Дорога налево от шоссе существует давно, еще с тех пор, когда эта пустынная местность привлекала только туристов и влюбленных да всякого рода чудаков, склонных к созерцанию; она спускается с плато центральной горы и ведет сквозь чащу деревьев на дно одного из каньонов, где почва не слишком бугристая и не загромождена скалами. Пока на плато развертывалось большое строительство, здесь расчистили от деревьев поляну, а на поляне выстроили здание. С виду оно ничем не выделялось, не наводило на мысль о каком-то особом назначении и могло привлечь внимание лишь потому, что от самого сотворения мира это, по всей вероятности, была первая постройка в каньоне. Если здесь что и было, то даже от развалин не осталось и следа. Только одно это здание и стояло в каньоне. Выстроенное из бетонных блоков и дерева, оно было сорока футов в ширину и пятидесяти в длину; одна его сторона вплотную примыкала к стене каньона, а на противоположной стороне, перед единственной дверью было небольшое крыльцо со ступеньками. Местоположение участка, связанного с городом только проселочной дорогой в несколько миль длиной, представляло значительные трудности для строителей, но строители преодолели эти трудности. Они исправили дорогу и сделали ее вполне проходимой для грузовых машин, подвозивших строительные материалы. Вскоре грузовики стали привозить письменные столы, пишущие машинки и конторские шкафы, длинные лабораторные столы и разное техническое оборудование, в том числе множество измерительных приборов и ящиков с различными шкалами. А немного погодя джипы и военные машины, снующие по дороге взад и вперед, стали совсем привычным зрелищем, хотя видели его только те, кто сидел в этих машинах.

Каждое утро в каньон с промежутками в пятнадцать минут прибывали машины — по одиночке, по две, а то и по три или по четыре. Водители и пассажиры выходили из машин, подымались по ступенькам и исчезали за дверью. Часто они привозили с собой еду и не выходили из здания до конца дня. Нередко они приезжали к вечеру, и тогда окна бетонного здания ярко светились до десяти или одиннадцати часов, иной раз — до часу-двух ночи, а бывало, что и до самого утра. Иногда дверь открывалась и кто-нибудь выходил постоять на крыльце или спускался на поляну, курил, глядел вверх на сосны и осины или лениво перебрасывался двумя-тремя фразами с одним из солдат, днем и ночью дежурящих возле двери.
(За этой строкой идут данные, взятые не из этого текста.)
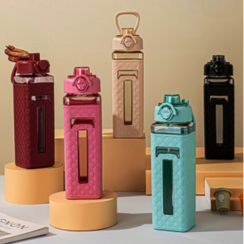 高見えロック付きプラスチック角カップ 弾性蓋付き スクエアスペースカップ ポータブル直飲みスポーツウォーターカップ RS-202068

На дне каньона стояла такая же тишь, как и в прежние времена, когда здесь не было этого здания. Работа, происходившая внутри, не сопровождалась никаким особым шумом. Только иногда, зимою, когда деревья мерзли под мелко сеявшимся снегом, в стенах каньона отдавалось слабое эхо от скрежета металла по металлу да время от времени какой-то неясный прерывистый звук подымался до истерического визга, падал до глухого бормотания, потом снова становился громче, потом опять тише и внезапно обрывался. Но в другие времена года густая листва деревьев и щебетанье птиц заглушали даже самые обычные звуки — голоса, стук пишущей машинки, скрип открываемой двери.